Он лихо и красиво срывается с места и исчезает в каюте, появляется с
тремя бутылками фанты, ловко, изящно вскрывает их каким-то заморским
приспособлением, подает мне и Людмиле. И откуда только в нем эта
исключительная мужская изящность движений, поз, жестов? И все естественно,
без рисовки. А Людмила! Без колебаний отправил бы я их для ознакомления
внеземной цивилизации с образцами земного человеческого рода. Только при
успении, чтобы они не раскрывали рта. Все, что еще может сказать Валера, я
приблизительно знаю. Он изобретает велосипед люциферизма в самом
упрощенном варианте, и счастье его в отсутствии информации.
- Моя теория не нова, - улыбается Валера, словно угадав мои мысли. -
Она полностью взята из христианства.
Я почти давлюсь глотком фанты. Это же надо, в какие времена мы живем!
- Из десяти заповедей есть одна, которая не только перечеркивает все
остальные, но и делает ненужными все философии и религии. Какая?

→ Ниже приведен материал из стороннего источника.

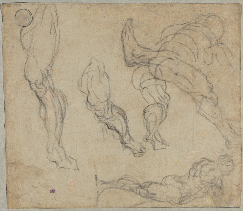 Head in Three-Quarter Profile (recto); Standing Young Man Pointing Left and Sketches of Feet, Arm (verso)
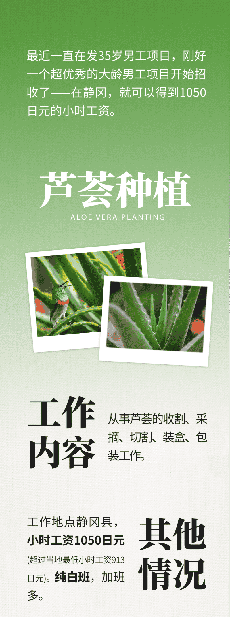 [日本] 優(yōu)質(zhì)項(xiàng)目 | 蘆薈種植男工項(xiàng)目,靜岡縣,小時(shí)工資1050日元的優(yōu)秀項(xiàng)目
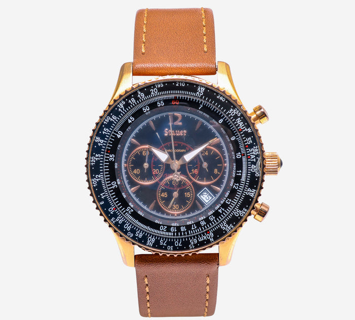 This pre-owned Stauer watch is in Good condition featuring Quartz Analog movement, with a Gold case and a Brown Leather 7 inch band 40mm

Вопрос только ко мне. И я, ей-богу, в полном недоумении.
- Не клянись! - раздельно, чуть ли не по буквам произносит Валера и
снова запрокидывает бутылку фанты над головой. Движения не успеваю
уловить, а пустая бутылка будто сама улетает в море.
- Остальные девять заповедей соприкасаются с этой через союз НО.
Возлюби ближнего своего. Но не клянись! Почему? Да потому, что ты этого не
сможешь. Не укради! Но не клянись. Потому что завтра назовут воровством
то, что им не было. Не пожелай жены ближнего своего. Но не клянись. Потому
что тебе просто везет, что жены твоих друзей - изношенные клячи. Итак, не
клянись! Потому что все в мире условно и недостойно серьезного отношения.
- И любовь, - вставляет Людмила, и вовсе не вопросом.
- Вопрос прост, как говаривал наш преподаватель научного коммунизма,
прежде чем соврать...
Валера смотрит на нее. Они профилем друг к другу. Если бы выключить
их голоса и озвучить иным текстом, что-нибудь из Шекспира или Гете,
впрочем, нет, на эти напряженные губы не лягут слова любви, и глаза обоих
- в них ни любви, ни мира, одно честолюбивое сутяжничество...
Валера в ударе. Если б он знал, сколько человек до него так думали,
так говорили, так жили! Но известно, что знание не освобождает от
собственного опыта, доброго ли, дурного. Количество добра и зла на душу
населения - величина постоянная для всех эпох. И такое соображение может
быть весьма оптимистичным в наши кажущиеся апокалипсическими времена. Ведь
вот этим двоим еще все предстоит... И другим. И народам. И России... Нет,
не верю в конечность наших времен. К апокалипсическим настроениям знакомых
моих отношусь с подозрением. У одних в глазах перст наказующий: "Скоро ужо
вам всем будет по грехам вашим!" У других лень жить, и думать, и делать. У
третьих гордыня. Убеждены они, что являются именно теми блаженными,
которые посещают сей мир в его минуты роковые. Простой политический кризис
их не устроит. Им подавай Второе Пришествие!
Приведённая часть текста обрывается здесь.